Introduction
The 2016 American Heart Association/American College of Cardiology guidelines advise the use of dual antiplatelet agents for patients with acute coronary syndrome (ACS) (1). Ticagrelor is a reversible oral antagonist of the ADP receptor P2Y12. It is rapidly absorbed and metabolized by cytochrome P450 (CYP) 3A4. Therefore, ticagrelor suggests a potential for drug interactions with other CYP3A4 substrates (2).

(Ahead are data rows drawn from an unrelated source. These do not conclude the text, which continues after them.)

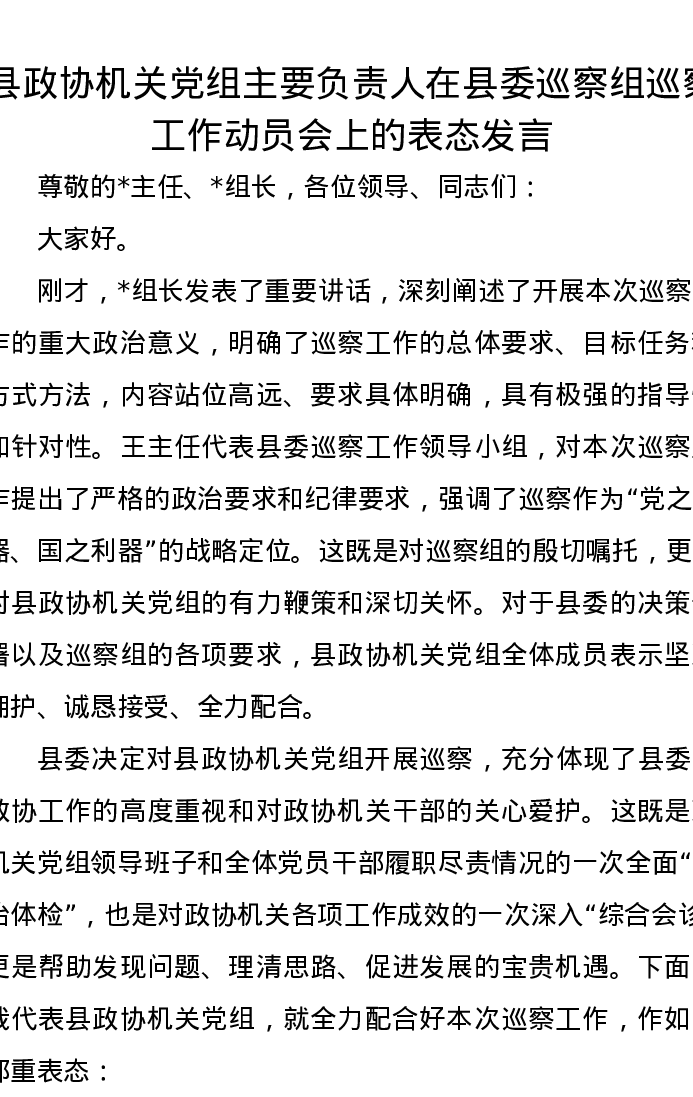 县政协机关党组主要负责人在县委巡察组巡察工作动员会上的表态发言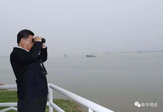 2018年4月25日,习近平总书记乘船考察长江,抵达石首港。随后,驱车一个多小时来到湖南岳阳,考察了位于长江沿岸的岳阳市君山华龙码头。这里曾经是非法砂石码头,如今已经整治复绿,尽显生机。新华社记者鞠鹏 摄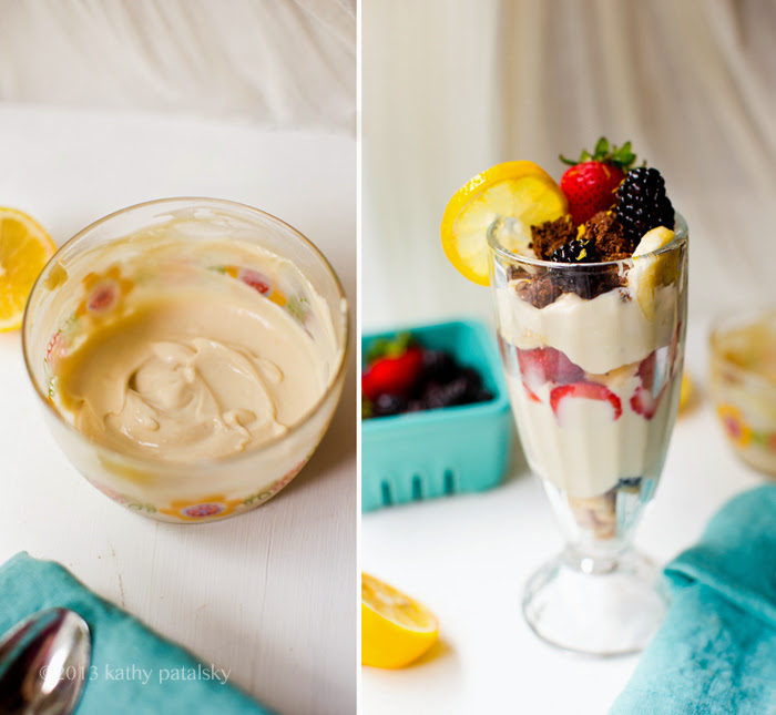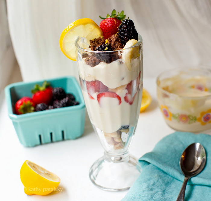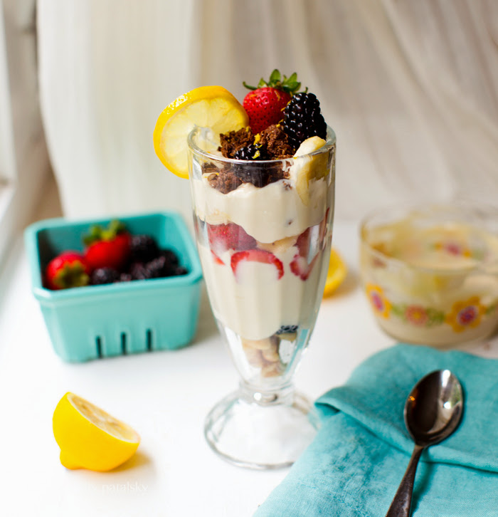 7. Serve by assembling your parfait in layers. Alternate add berries and crunchy toppings to a tall parfait glass. Garnish with a few pretty berries and a lemon slice.

Statins are recommended for preventing cardiovascular disease after ACS (3). These statins are associated with myalgia; elevation of creatine phosphokinase (CK) concentrations; and rarely, rhabdomyolysis. Rhabdomyolysis caused by statins is susceptible to occur when the renal function is impaired (4). Here we describe a patient in whom ticagrelor-induced acute kidney injury (AKI) increased the serum concentration of statin and then, eventually, led to concurrence of rhabdomyolysis.
Case Report
An 80-year-old woman was suffering from nausea and vomiting for 2 months. She had no history of trauma, infection, severe exercise, seizures, uncontrolled blood glucose, and use of herbal medication. She had type 2 diabetes mellitus and hypertension. She had taken some medicines, including aspirin, 100 mg; amlodipine, 5 mg; and valsartan, 80 mg once daily and vildagliptin, 50 mg and metformin, 850 mg twice daily.

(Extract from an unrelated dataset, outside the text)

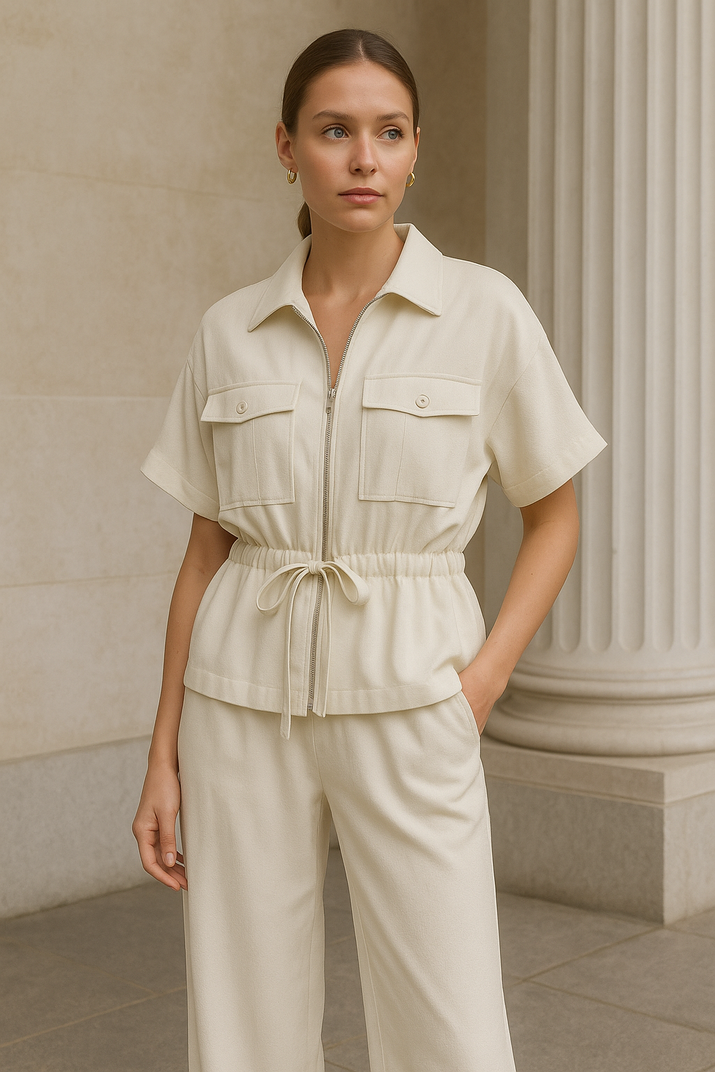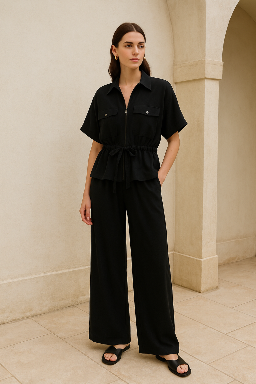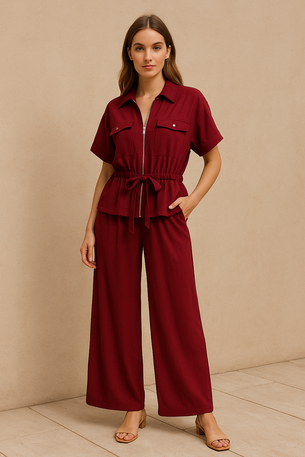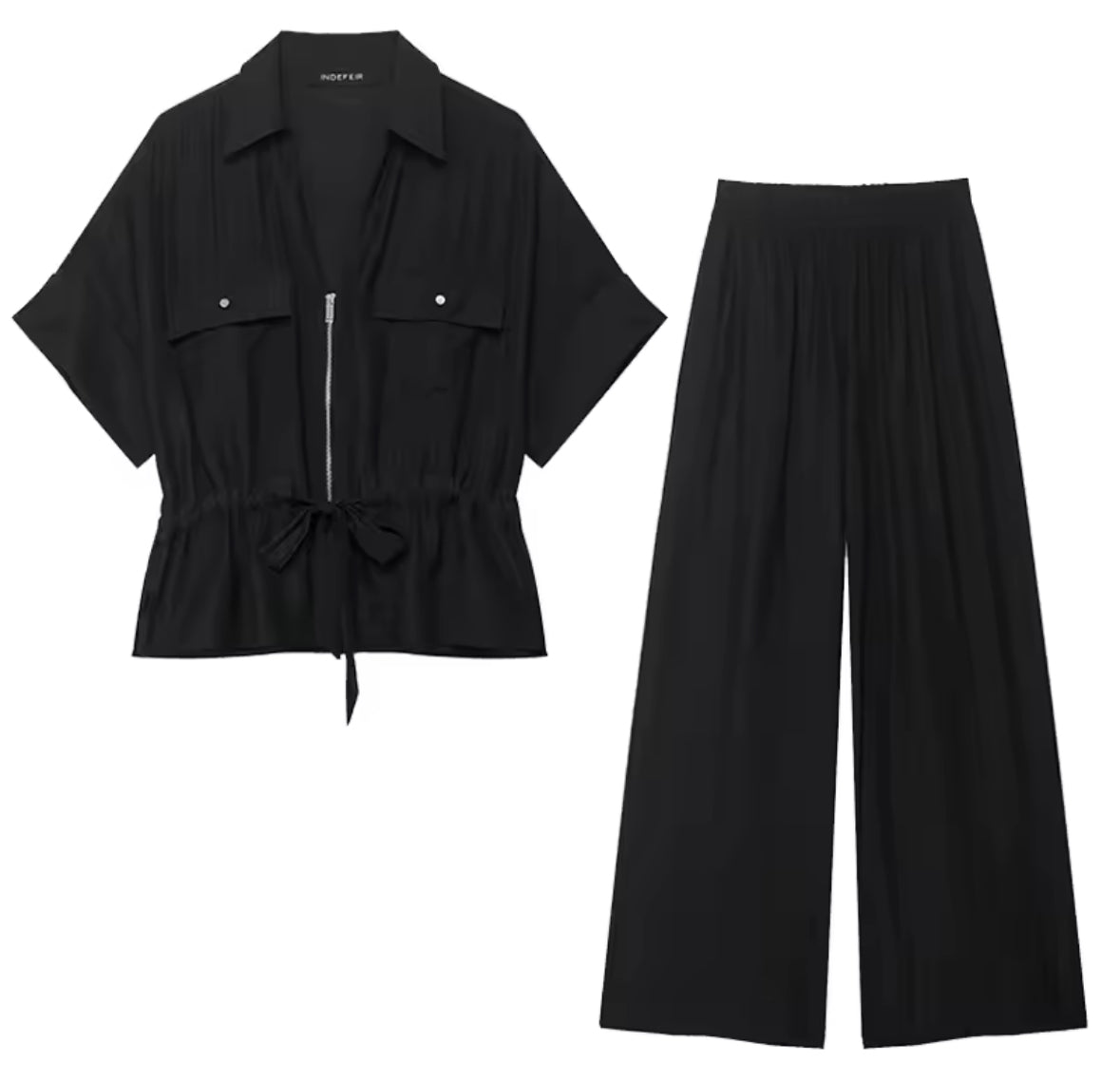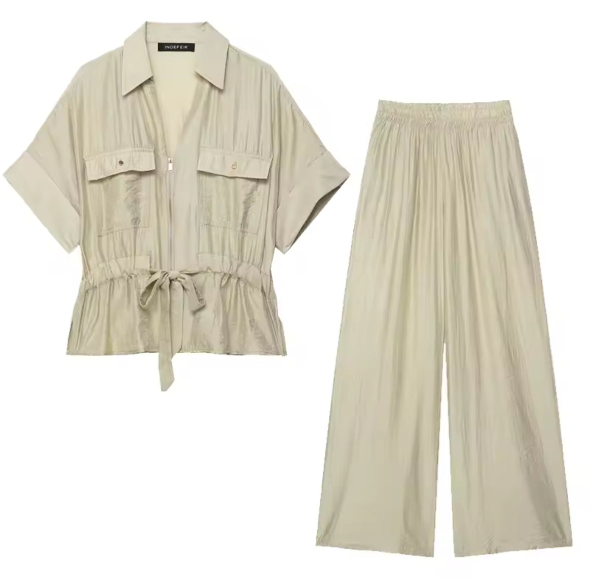Das zweiteilige Set besteht aus einer fließenden Bluse mit Bindegürtel und einer locker geschnittenen, weiten Hose. Die Bluse hat einen leichten Glanz, kurze Ärmel und Brusttaschen, die dem Look einen edlen, lässigen Touch verleihen.

Two months prior, she underwent percutaneous coronary intervention for unstable angina. She received a secondary prevention regimen including ticagrelor 180 mg and rosuvastatin 20 mg once daily. At that time, her serum creatinine (Cr) concentration was 0.91 (reference, 0.9-1.2 mg/dL).
Initial laboratory workup showed a serum Cr concentration of 3.99 mg/dL and CK concentration of 25165 U/L. No other cause of AKI was found. She was diagnosed as having an AKI Stage 3 because of rhabdomyolysis. All medicines, except aspirin and ticagrelor, were discontinued, and intravenous fluid infusion was started; normal saline was administered at a rate of 120 cc/h.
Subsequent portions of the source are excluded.